BC Food Systems Network policy submission
September 12, 2012 By Press release
September 12, 2012, Vancouver, BC – As Farmers’ Appreciation Week kicks off across British Columbia, the BC Food Systems Network (BCFSN) is finalizing recommendations for improving food security in British Columbia, which is being sent to all provincial parties.
“It is our hope that provincial parties who are vying for public support in forming government will give serious consideration to our recommendations and incorporate them into their official party platforms” says Dayna Chapman, BCFSN board chair.
Food security is an urgent issue as BC has the highest rate of poverty and the highest level of inequality in the country. At the same time, food prices have risen sharply in recent years, increasing by more than twice as much in the past four years as in the previous four years.
In regards to food production in the province, although some of our larger export-oriented farms are very profitable, many other farms face financial challenges as evidenced by increasing farm debt and low profitability. In 2010, BC farmers had the lowest net income in Canada, and were the only farmers in Canada to face a five-year period of negative net farm income, continuing a 30-year trend of declining agricultural net incomes in BC.
In 2011, for the first time almost half of all farmer operators in Canada were over the age of 55 (48 per cent) and in BC the average age of farmer operators is higher than the national average. The future of food production in BC depends on more young people taking up farming and being able to earn a living at it.

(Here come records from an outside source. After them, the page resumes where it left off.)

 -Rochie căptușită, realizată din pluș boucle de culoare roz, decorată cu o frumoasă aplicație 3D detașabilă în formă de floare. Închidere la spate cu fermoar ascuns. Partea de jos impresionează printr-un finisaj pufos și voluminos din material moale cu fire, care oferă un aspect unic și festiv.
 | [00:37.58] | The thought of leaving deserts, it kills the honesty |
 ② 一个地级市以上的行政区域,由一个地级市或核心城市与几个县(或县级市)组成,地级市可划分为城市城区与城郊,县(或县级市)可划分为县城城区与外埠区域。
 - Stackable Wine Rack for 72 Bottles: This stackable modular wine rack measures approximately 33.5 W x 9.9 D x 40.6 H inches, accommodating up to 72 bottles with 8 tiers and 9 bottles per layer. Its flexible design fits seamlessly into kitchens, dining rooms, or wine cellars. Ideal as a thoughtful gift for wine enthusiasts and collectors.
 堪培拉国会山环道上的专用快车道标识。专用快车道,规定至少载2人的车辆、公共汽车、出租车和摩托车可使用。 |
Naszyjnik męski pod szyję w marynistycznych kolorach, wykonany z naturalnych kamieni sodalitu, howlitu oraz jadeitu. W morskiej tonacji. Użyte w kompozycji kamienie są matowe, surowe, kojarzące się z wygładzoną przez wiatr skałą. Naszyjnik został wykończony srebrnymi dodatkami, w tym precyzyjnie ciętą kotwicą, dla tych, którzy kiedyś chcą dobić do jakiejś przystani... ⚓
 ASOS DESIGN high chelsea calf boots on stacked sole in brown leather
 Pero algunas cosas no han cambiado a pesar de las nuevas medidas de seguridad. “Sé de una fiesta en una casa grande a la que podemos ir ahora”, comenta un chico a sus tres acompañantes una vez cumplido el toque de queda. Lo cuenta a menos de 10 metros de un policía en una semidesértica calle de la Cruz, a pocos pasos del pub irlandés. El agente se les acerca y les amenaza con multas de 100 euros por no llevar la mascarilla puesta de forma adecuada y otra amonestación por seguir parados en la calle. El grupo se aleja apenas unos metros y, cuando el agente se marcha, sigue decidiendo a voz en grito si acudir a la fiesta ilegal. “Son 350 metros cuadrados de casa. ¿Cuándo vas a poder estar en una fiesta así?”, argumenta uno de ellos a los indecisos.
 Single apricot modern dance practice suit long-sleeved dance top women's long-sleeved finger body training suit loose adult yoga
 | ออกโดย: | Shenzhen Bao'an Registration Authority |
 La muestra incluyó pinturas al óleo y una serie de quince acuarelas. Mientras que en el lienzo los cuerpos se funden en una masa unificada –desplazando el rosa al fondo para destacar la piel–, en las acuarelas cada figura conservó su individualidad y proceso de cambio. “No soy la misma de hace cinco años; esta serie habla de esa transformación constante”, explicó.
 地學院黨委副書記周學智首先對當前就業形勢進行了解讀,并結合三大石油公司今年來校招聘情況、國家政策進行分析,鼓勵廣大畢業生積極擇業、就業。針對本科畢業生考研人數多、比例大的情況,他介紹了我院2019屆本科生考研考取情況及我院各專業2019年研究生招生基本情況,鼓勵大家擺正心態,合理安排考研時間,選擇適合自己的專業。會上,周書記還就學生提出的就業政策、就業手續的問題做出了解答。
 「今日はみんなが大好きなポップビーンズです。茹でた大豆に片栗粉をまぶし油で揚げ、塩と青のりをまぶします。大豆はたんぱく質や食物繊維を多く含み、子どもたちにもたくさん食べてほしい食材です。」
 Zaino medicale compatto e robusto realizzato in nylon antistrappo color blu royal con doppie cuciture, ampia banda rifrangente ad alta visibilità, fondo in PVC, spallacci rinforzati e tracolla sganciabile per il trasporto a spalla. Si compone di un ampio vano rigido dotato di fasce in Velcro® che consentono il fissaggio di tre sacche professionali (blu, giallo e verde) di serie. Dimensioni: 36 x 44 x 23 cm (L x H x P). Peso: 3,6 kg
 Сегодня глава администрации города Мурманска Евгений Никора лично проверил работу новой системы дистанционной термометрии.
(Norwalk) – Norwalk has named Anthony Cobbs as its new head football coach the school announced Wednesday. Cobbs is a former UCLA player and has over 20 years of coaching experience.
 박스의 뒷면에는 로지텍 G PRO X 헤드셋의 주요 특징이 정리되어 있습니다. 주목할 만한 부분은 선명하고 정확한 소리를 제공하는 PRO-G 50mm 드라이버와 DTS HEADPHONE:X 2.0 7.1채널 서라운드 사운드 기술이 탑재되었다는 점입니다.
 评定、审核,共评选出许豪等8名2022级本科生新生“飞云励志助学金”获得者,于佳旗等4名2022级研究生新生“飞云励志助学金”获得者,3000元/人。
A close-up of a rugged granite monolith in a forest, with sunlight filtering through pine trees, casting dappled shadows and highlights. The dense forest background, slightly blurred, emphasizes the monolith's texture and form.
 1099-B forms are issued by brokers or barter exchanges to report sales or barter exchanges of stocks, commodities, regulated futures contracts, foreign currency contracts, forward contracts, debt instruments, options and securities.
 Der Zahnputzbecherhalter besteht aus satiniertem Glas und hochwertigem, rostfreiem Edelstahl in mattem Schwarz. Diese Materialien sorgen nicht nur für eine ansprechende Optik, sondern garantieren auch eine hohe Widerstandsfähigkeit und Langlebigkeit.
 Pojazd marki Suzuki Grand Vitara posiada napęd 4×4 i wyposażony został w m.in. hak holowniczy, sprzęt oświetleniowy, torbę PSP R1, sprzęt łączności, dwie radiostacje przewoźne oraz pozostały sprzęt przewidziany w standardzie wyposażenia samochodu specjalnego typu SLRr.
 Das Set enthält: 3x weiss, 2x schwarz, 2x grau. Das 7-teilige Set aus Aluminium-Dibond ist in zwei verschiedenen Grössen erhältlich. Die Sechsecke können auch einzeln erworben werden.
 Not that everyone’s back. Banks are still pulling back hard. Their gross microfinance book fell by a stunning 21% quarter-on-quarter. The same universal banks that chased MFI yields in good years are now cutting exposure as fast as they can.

Despite the financial difficulties faced by many farmers and an ageing farm population the provincial government invests less in agriculture than any other province in Canada, in terms of the sector’s GDP. In 2010, the Ministry of Agriculture’s budget was 4.2 per cent of that sector’s GDP, compared to the national average of 11.3 per cent.
In order to achieve the goal of food security, government will need to allocate more revenue to across various ministries’ budgets for food policies, beginning with increasing the Ministry of Agriculture budget to the national average.
Funding should be re-allocated across several ministries, including health, education, environment, and social development, with a food security focus to expand existing programs and establish new, targeted, inter-ministerial food security programs.
“This will require a review of current policy, followed by strong action aimed at improving food security in terms of ensuring equitable access to food, strengthening local agriculture, ensuring sustainability and climate resiliency, and adopting a whole government approach” stated Abra Brynne a member of the BCFSN policy committee and currently working on the policy submission.
The British Columbia Food System Network (BCFSN) is comprised of farmers, food activists, health promoters, Indigenous peoples, academics, municipal workers, educators, labour unions, and others who are concerned about food security in BC.